Overview
Llama-3.1-Tulu-3-70B is a 70 billion parameter instruction-following model from AllenAI, built upon Meta's Llama 3.1 base model. It is part of the Tülu 3 family, which emphasizes fully open-source data, code, and training recipes. The model is primarily English-language and is licensed under the Llama 3.1 Community License Agreement.
Key Capabilities
- Instruction Following: Designed for state-of-the-art performance across a diversity of tasks, including general chat.
- Mathematical Reasoning: Shows strong performance on benchmarks like MATH and GSM8K.
- Instruction Following Evaluation (IFEval): Excels in complex instruction following scenarios.

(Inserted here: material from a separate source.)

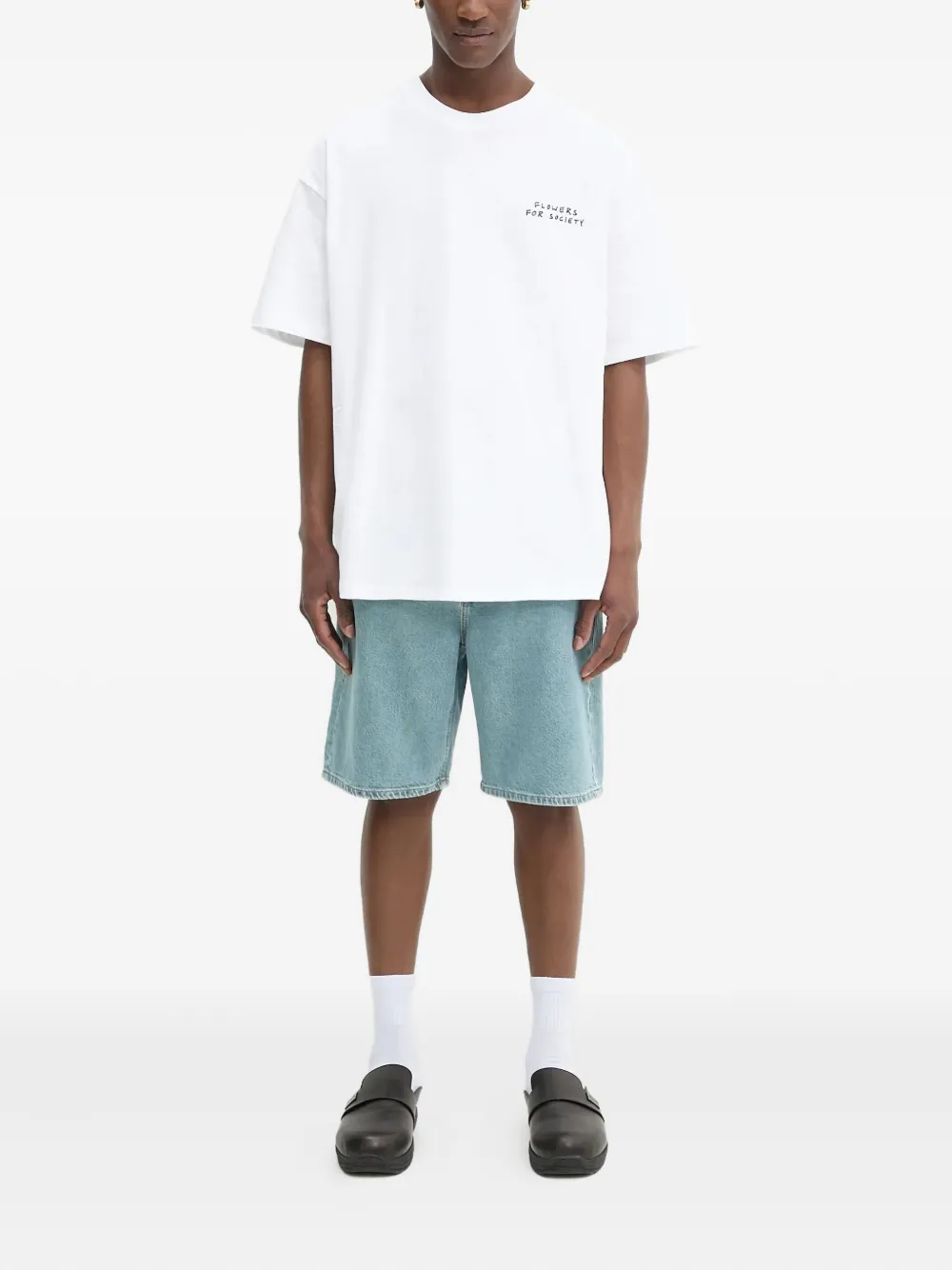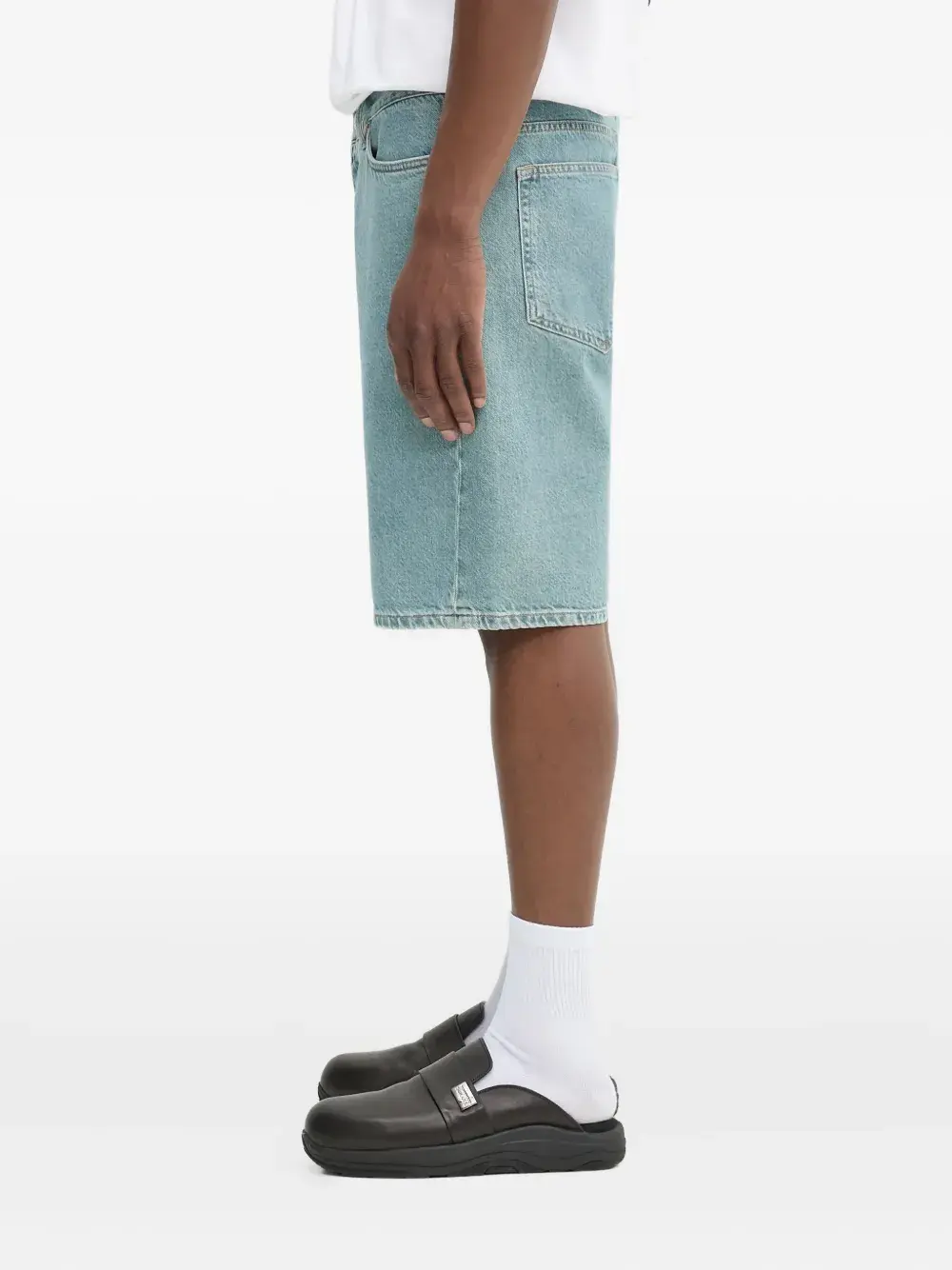 Светло-голубой органический хлопок, застежка на пуговицы и молнию спереди, классические пять карманов, шлевки для ремня, нашивка с логотипом сзади

- Open-Source Approach: Provides a comprehensive post-training package with open-source data, code, and recipes.
Performance Highlights
On a range of benchmarks, the Tülu 3 70B model achieves an average score of 76.0, outperforming Llama 3.1 70B Instruct (73.4) and Qwen 2.5 72B Instruct (71.5). Notable scores include:
- PopQA (15 shot): 46.5
- BigBenchHard (3 shot, CoT): 82.0
- MATH (4 shot CoT, Flex): 63.0
- GSM8K (8 shot, CoT): 93.5
- Safety (6 task avg.): 88.3
Usage Considerations
The model has limited safety training and does not include in-the-loop filtering, meaning it can produce problematic outputs. It is intended for research and educational use, and its fine-tuning involved datasets with outputs from third-party models, subject to their respective terms of use.